Before repeating the entries below, strip out every picture and keep all else as it is.

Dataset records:
*** Block opens ***

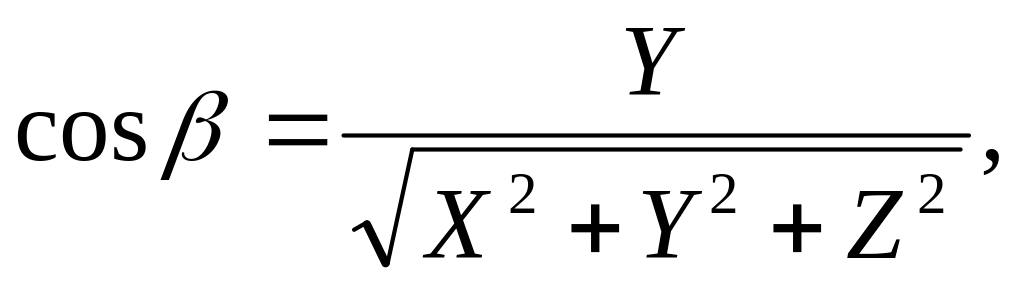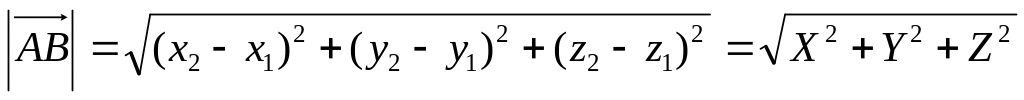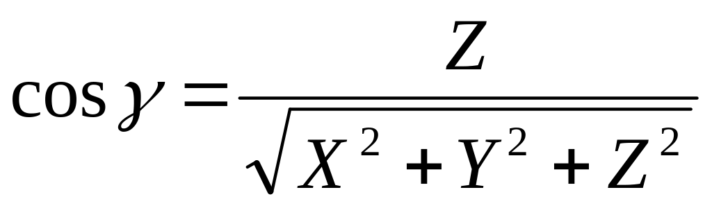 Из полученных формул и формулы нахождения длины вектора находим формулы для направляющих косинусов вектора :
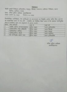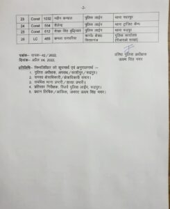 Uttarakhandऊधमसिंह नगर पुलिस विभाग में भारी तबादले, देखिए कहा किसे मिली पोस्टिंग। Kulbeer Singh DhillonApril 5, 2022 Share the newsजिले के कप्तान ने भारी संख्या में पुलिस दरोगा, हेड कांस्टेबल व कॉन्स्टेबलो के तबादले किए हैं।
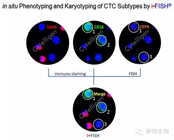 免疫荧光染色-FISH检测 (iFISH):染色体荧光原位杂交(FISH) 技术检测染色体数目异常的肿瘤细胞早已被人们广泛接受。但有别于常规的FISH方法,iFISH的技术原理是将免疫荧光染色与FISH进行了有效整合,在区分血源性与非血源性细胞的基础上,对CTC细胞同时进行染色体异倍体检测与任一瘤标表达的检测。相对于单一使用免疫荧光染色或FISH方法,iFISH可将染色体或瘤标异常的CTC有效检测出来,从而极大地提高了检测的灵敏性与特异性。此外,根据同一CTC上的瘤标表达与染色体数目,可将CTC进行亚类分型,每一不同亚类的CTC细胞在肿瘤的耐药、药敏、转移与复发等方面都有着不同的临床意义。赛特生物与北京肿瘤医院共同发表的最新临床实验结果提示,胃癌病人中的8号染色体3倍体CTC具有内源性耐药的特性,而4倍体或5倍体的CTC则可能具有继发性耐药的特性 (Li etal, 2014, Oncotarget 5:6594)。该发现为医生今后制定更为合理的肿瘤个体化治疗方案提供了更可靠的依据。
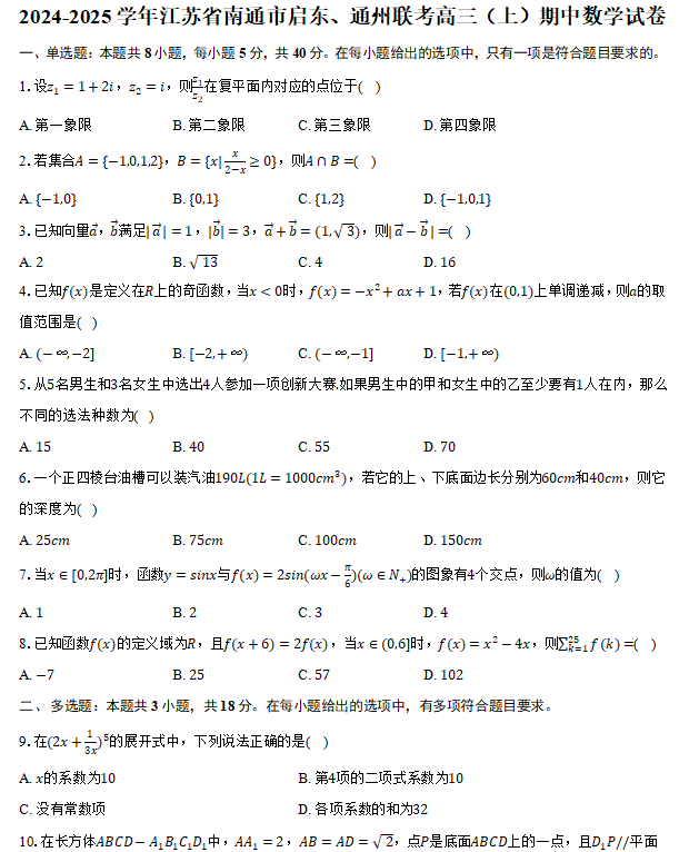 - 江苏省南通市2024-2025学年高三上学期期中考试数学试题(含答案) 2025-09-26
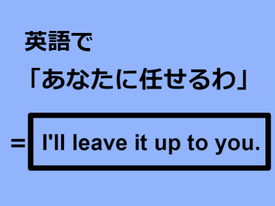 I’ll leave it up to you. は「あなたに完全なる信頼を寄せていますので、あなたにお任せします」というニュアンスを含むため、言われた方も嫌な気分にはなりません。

*** Block closes ***

* _RESPONSE TO THIS EXERCISE_:
 Из полученных формул и формулы нахождения длины вектора находим формулы для направляющих косинусов вектора :
 Uttarakhandऊधमसिंह नगर पुलिस विभाग में भारी तबादले, देखिए कहा किसे मिली पोस्टिंग। Kulbeer Singh DhillonApril 5, 2022 Share the newsजिले के कप्तान ने भारी संख्या में पुलिस दरोगा, हेड कांस्टेबल व कॉन्स्टेबलो के तबादले किए हैं।
 免疫荧光染色-FISH检测 (iFISH):染色体荧光原位杂交(FISH) 技术检测染色体数目异常的肿瘤细胞早已被人们广泛接受。但有别于常规的FISH方法,iFISH的技术原理是将免疫荧光染色与FISH进行了有效整合,在区分血源性与非血源性细胞的基础上,对CTC细胞同时进行染色体异倍体检测与任一瘤标表达的检测。相对于单一使用免疫荧光染色或FISH方法,iFISH可将染色体或瘤标异常的CTC有效检测出来,从而极大地提高了检测的灵敏性与特异性。此外,根据同一CTC上的瘤标表达与染色体数目,可将CTC进行亚类分型,每一不同亚类的CTC细胞在肿瘤的耐药、药敏、转移与复发等方面都有着不同的临床意义。赛特生物与北京肿瘤医院共同发表的最新临床实验结果提示,胃癌病人中的8号染色体3倍体CTC具有内源性耐药的特性,而4倍体或5倍体的CTC则可能具有继发性耐药的特性 (Li etal, 2014, Oncotarget 5:6594)。该发现为医生今后制定更为合理的肿瘤个体化治疗方案提供了更可靠的依据。
 - 江苏省南通市2024-2025学年高三上学期期中考试数学试题(含答案) 2025-09-26
 I’ll leave it up to you. は「あなたに完全なる信頼を寄せていますので、あなたにお任せします」というニュアンスを含むため、言われた方も嫌な気分にはなりません。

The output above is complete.